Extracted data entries
=== Section Start ===
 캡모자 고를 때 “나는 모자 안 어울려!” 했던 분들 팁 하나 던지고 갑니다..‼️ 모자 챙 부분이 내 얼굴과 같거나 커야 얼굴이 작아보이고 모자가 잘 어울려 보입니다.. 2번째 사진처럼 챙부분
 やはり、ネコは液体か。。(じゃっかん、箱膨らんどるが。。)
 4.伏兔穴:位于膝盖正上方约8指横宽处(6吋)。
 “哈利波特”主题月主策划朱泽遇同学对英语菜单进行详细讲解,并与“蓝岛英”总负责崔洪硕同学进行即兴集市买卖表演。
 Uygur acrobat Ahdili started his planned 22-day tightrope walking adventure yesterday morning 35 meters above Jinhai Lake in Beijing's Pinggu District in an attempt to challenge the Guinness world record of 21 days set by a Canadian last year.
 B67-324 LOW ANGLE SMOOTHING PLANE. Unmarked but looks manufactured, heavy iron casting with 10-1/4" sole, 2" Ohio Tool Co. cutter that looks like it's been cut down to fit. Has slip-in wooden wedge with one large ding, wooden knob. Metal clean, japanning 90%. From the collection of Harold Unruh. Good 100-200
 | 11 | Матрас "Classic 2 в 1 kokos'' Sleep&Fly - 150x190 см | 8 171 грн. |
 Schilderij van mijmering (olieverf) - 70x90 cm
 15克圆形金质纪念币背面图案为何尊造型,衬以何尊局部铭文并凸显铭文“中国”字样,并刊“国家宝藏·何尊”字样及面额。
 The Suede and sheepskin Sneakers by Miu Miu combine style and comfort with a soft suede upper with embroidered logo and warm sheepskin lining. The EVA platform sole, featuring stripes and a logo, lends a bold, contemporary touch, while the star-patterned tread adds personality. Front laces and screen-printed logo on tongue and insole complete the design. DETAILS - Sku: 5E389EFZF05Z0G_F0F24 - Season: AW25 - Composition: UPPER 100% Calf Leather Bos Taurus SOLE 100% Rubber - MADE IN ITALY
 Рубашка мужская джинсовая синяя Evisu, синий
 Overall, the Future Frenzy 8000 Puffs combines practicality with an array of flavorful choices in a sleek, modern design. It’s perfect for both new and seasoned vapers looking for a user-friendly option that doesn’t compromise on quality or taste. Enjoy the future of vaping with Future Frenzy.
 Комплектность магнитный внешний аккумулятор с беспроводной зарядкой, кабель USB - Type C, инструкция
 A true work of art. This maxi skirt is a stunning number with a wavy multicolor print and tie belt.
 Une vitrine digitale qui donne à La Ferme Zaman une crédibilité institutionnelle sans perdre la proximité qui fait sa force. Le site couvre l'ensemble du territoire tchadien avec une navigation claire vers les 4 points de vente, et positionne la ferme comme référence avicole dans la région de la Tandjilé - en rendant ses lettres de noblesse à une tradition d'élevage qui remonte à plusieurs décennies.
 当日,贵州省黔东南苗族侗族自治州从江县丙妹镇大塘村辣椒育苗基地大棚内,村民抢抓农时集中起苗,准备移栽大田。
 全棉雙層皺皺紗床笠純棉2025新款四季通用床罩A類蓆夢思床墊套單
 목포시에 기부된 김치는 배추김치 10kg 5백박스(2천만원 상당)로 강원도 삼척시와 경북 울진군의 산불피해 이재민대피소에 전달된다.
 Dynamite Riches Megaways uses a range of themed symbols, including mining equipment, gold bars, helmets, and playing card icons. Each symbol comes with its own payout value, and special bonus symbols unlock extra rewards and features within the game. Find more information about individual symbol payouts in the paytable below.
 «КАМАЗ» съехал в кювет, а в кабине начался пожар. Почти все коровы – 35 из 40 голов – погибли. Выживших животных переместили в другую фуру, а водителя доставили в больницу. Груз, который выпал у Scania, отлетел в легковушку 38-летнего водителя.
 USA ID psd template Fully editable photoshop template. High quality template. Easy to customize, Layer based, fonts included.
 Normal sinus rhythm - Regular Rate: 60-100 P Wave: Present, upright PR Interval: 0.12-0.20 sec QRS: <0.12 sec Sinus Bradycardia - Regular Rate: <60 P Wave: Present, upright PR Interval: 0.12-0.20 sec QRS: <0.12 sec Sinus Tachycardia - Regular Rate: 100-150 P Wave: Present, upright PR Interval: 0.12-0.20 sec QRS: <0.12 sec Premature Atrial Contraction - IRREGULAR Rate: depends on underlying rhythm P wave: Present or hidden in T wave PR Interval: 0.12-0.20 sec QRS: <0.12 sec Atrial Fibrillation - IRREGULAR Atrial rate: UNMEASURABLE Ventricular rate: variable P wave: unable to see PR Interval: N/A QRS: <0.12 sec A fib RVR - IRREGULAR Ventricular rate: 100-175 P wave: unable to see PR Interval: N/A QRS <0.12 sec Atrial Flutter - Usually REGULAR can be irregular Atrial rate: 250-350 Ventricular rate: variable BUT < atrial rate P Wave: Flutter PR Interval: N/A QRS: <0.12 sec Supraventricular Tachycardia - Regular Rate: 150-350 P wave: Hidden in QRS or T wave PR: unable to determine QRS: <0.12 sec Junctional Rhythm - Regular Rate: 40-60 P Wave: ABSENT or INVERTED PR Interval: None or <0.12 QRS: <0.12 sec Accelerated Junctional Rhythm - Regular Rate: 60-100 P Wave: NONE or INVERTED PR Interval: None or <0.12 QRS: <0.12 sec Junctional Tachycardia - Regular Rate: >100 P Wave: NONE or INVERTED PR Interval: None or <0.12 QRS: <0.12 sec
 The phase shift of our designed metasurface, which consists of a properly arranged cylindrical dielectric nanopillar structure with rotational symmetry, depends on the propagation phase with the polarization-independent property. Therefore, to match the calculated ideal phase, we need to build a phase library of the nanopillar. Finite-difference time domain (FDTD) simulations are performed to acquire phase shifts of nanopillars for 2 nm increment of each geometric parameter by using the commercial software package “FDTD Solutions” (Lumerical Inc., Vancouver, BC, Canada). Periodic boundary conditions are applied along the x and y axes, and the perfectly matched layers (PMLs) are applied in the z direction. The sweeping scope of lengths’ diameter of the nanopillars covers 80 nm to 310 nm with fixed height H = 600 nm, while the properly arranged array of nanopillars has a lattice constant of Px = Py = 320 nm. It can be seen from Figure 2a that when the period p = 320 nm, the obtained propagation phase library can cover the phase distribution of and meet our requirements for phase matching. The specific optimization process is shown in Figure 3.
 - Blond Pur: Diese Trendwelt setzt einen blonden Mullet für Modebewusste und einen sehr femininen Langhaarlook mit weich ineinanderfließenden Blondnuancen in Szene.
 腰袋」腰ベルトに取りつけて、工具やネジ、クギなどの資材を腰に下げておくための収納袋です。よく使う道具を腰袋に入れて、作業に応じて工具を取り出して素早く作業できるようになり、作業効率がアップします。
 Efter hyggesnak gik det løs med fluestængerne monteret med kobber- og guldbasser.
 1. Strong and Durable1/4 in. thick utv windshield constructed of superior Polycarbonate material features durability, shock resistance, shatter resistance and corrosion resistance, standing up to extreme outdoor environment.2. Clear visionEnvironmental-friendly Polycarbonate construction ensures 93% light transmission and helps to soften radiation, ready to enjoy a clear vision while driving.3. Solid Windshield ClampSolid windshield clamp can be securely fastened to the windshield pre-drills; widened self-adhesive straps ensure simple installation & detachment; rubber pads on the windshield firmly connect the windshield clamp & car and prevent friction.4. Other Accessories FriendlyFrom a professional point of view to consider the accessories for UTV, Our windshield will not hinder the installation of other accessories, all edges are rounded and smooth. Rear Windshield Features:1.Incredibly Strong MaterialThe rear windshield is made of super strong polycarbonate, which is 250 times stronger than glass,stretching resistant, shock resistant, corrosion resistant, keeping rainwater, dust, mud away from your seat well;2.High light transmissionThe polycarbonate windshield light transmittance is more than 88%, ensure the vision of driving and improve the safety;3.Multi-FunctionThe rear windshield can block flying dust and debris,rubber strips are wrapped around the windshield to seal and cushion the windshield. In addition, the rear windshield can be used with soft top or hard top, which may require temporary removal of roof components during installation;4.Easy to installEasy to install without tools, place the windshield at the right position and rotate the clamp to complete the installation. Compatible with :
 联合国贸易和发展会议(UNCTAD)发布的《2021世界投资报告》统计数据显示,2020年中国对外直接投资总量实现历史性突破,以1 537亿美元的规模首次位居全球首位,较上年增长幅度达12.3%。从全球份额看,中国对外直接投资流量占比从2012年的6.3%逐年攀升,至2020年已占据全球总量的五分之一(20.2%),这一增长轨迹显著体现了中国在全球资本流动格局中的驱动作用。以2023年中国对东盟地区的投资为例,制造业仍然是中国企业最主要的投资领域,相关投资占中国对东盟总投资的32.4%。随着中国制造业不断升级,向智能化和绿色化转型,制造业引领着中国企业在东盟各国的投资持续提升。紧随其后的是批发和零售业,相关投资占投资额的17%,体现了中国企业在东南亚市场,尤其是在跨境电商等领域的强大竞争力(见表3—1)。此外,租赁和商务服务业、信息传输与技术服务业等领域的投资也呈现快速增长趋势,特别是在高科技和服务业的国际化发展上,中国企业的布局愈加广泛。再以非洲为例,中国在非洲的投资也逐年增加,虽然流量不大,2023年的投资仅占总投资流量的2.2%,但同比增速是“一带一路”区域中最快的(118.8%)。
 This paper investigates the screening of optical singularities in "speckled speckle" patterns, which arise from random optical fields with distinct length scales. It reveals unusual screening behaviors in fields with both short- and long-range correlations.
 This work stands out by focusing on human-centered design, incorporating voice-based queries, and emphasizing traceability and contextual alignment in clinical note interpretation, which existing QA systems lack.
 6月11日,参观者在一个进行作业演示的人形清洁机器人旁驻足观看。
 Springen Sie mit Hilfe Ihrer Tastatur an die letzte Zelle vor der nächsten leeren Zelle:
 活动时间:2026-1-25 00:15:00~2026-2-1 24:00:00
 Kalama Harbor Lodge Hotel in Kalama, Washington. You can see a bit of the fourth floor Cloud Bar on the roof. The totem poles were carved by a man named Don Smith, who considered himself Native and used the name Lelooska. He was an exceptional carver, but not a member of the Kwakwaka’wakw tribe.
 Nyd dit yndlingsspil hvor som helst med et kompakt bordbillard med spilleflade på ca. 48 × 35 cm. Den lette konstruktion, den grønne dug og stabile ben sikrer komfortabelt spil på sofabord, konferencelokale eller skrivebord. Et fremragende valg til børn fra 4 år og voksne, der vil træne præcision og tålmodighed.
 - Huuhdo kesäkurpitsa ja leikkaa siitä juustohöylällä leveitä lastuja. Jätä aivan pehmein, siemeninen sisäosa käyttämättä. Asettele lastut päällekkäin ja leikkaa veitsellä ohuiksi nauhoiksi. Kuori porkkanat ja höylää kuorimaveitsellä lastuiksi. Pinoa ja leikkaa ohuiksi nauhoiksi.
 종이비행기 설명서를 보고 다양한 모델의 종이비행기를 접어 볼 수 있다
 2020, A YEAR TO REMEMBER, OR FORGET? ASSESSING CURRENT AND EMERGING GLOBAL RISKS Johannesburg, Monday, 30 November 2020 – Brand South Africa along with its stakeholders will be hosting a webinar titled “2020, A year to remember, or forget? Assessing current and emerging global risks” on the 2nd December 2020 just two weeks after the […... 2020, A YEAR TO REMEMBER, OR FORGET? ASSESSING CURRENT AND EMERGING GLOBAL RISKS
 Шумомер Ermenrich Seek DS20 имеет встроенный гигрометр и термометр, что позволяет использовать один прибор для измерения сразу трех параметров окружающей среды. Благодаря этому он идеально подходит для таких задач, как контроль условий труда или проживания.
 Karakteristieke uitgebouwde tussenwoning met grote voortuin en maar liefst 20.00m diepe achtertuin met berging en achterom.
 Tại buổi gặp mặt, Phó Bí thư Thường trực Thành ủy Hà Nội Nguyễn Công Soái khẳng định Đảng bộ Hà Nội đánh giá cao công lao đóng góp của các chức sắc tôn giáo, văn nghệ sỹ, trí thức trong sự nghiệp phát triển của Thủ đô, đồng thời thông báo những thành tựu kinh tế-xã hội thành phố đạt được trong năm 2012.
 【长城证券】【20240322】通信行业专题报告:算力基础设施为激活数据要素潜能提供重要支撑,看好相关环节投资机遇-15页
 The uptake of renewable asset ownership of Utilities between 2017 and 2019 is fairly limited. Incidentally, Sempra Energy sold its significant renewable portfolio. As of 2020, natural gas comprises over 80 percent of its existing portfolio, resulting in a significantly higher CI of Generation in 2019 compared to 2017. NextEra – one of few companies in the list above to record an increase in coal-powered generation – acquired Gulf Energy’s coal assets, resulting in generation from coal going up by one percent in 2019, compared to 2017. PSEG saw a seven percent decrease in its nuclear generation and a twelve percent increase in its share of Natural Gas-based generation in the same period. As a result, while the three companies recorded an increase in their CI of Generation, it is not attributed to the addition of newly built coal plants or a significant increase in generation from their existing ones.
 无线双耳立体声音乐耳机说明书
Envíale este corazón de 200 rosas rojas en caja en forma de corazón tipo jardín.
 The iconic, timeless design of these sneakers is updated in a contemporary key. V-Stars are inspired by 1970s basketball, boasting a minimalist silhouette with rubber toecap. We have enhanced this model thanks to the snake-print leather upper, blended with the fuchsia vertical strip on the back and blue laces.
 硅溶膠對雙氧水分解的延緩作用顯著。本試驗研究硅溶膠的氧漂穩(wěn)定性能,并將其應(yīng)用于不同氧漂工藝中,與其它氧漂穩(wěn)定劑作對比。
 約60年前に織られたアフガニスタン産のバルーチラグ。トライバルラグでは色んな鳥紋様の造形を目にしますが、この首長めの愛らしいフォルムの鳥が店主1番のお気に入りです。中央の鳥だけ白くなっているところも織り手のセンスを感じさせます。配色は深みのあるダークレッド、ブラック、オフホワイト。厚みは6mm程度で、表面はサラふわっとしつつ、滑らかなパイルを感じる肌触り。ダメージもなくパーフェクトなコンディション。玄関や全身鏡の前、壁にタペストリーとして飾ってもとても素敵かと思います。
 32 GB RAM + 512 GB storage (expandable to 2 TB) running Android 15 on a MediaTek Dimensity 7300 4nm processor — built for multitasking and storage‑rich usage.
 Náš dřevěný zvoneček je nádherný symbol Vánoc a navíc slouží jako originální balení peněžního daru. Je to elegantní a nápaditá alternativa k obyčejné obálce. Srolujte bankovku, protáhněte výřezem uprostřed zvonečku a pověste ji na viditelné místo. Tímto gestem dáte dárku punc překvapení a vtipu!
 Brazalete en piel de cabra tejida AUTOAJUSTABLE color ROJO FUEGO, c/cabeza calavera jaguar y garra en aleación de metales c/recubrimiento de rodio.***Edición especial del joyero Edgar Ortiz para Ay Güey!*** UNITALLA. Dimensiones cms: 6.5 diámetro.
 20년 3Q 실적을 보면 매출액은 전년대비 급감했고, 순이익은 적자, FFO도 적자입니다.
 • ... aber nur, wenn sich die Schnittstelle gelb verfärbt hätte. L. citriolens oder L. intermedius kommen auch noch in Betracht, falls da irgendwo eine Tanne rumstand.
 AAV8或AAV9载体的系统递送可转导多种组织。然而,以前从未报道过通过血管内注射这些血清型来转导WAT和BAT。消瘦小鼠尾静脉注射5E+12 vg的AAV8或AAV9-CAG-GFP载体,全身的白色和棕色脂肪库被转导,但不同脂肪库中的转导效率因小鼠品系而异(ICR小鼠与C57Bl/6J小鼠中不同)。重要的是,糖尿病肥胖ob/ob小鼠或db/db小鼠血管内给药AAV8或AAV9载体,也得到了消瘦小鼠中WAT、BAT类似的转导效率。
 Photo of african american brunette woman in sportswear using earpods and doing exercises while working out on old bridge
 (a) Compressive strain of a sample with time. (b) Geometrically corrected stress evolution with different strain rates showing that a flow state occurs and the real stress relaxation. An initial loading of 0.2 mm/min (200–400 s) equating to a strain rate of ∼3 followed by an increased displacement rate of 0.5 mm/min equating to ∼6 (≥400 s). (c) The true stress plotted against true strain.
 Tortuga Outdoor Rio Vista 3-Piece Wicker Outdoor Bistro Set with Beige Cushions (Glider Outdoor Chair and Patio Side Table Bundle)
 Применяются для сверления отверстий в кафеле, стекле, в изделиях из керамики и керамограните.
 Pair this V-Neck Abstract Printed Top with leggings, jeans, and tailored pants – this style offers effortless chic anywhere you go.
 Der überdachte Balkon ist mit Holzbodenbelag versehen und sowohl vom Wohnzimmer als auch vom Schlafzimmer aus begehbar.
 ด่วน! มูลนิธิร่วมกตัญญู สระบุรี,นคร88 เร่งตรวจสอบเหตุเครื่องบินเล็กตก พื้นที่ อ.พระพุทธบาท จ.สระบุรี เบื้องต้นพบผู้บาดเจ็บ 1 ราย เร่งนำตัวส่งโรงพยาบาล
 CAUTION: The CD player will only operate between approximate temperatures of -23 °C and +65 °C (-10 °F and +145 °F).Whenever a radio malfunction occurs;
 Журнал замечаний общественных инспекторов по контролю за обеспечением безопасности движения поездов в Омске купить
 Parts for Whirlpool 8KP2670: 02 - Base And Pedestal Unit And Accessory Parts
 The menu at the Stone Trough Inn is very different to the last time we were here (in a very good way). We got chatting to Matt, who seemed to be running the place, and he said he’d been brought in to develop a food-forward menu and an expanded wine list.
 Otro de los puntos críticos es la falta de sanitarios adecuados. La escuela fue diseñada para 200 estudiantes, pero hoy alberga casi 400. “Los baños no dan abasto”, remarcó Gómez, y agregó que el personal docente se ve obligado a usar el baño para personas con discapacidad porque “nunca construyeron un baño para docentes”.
=== Section End ===
TASK INSTRUCTIONS ▸
Given the word "sole", show every line of the records that contains it.

RESPONSE TO THIS EXERCISE ▸
 B67-324 LOW ANGLE SMOOTHING PLANE. Unmarked but looks manufactured, heavy iron casting with 10-1/4" sole, 2" Ohio Tool Co. cutter that looks like it's been cut down to fit. Has slip-in wooden wedge with one large ding, wooden knob. Metal clean, japanning 90%. From the collection of Harold Unruh. Good 100-200
 The Suede and sheepskin Sneakers by Miu Miu combine style and comfort with a soft suede upper with embroidered logo and warm sheepskin lining. The EVA platform sole, featuring stripes and a logo, lends a bold, contemporary touch, while the star-patterned tread adds personality. Front laces and screen-printed logo on tongue and insole complete the design. DETAILS - Sku: 5E389EFZF05Z0G_F0F24 - Season: AW25 - Composition: UPPER 100% Calf Leather Bos Taurus SOLE 100% Rubber - MADE IN ITALY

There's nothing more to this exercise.